Shifting the troubled assets from the financial sectors' books to the taxpayers' books absolves the people who caused the problem from responsibility. As the economy declines and mortgage default rates rise, the US Treasury and the American taxpayers could end up with a $700 billion loss.
Initially, the House, but not the Senate, resisted the bailout of the financial institutions,whose executives had received millions of dollars in bonuses for wrecking the US financial system. However, the people's representatives could not withstand the specter of martial law and Great Depression with which Paulson and the Bush administration threatened them. The people's representatives succumbed as they did during the New Deal.
The impotence of Congress traces to the Great Depression. As Theodore Lowi in his classic book, The End of Liberalism, makes clear, the New Deal stripped Congress of its law-making power and gave it to the executive agencies. Prior to the New Deal, Congress wrote the laws. After the New Deal a bill is merely an authorization for executive agencies to create the law through regulations. The Paulson bailout has further diminished the legislative branch's power.
Since Paulson's bailout of his firm and his financial friends does nothing to lessen the default rate on mortgages, how will the bailout play out?
If the $700 billion bailout is based on an estimate of the current amount of bad mortgages, as the recession deepens and Americans lose their jobs, the default rate will rise. The $700 billion might not suffice. The Treasury will have to go hat in hand to its foreign creditors for more loans.
As the US Treasury has not got $7 dollars, much less $700 billion, it must borrow the bailout money from foreign creditors, already overloaded with US paper. At what point do America's foreign bankers decide that the additions to US debt exceed what can be repaid?
This question was ignored by the bailout. There were no hearings. No one consulted China, America's principal banker, or the Japanese, or the OPEC sovereign wealth funds, or Europe.
Does the world have a blank check for America's mistakes?
This is the same world that is faced with American demands that countries support with money and lives America's quest for world hegemony. Europeans are dying in Afghanistan for American hegemony. Do Europeans want their banks, which hold US dollars as their reserves, to fail so that Paulson can bail out his company and his friends?
The US dollar is the world's reserve currency. It comprises the reserves of foreign central banks. Bush's wars and economic policies are destroying the basis of the US dollar as reserve currency. The day the dollar loses its reserve currency role, the US government cannot pay its bills in its own currency. The result will be a dramatic reduction in US living standards.
Currently Treasuries are boosted by the habitual "flight to quality," but as Treasury debt deepens, will investors still see quality? At what point do America's foreign creditors cease to lend? That is the point at which American power ends. It might be close at hand.

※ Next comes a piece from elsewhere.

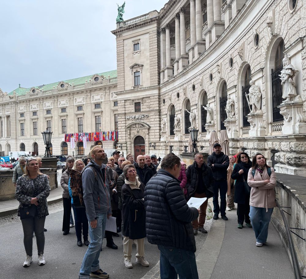 Uczestnicy wydarzenia mieli także okazję poznać historię pozostałych 19 figur zdobiących fasadę. Sławomir Iwanowski szczegółowo wyjaśnił symbolikę wszystkich postaci umieszczonych na gmachu Austriackiej Biblioteki Narodowej. Wśród nich znalazła się m.in. postać żołnierza Jana III Sobieskiego, przypominająca o polskim udziale w Odsieczy Wiedeńskiej w 1683 roku. Spacer historyczny poprowadził zebranych przez stulecia – od rzymskich legionistów po tyrolskich powstańców – ukazując, jak często przeplatają się losy Polski i Austrii.

The Paulson bailout is predicated on cleaning up financial institutions' balance sheets and restoring the flow of credit. The assumption is that once lending resumes, the economy will pick up.
This assumption is problematic. The expansion of consumer debt, which kept the economy going in the 21st century, has reached its limit. There are no more credit cards to max out, and no more home equity to refinance and spend. The Paulson bailout might restore trust among financial institutions and enable them to lend to one another, but it doesn't provide a jolt to consumer demand.
Moreover, there may be more shoes to drop. Credit card debt could be the next to threaten balance sheets of financial institutions. Apparently, credit card debt has been securitized and sold as well, and not all of the debt is good. In addition, the leasing programs of the car manufacturers have turned sour. As a result of high gasoline prices and absence of growth in take-home pay, the residual values of big trucks and SUVs are less than the leasing programs estimated them to be, thus creating more financial problems. Car manufacturers are canceling their leasing programs, and this will further cut into sales.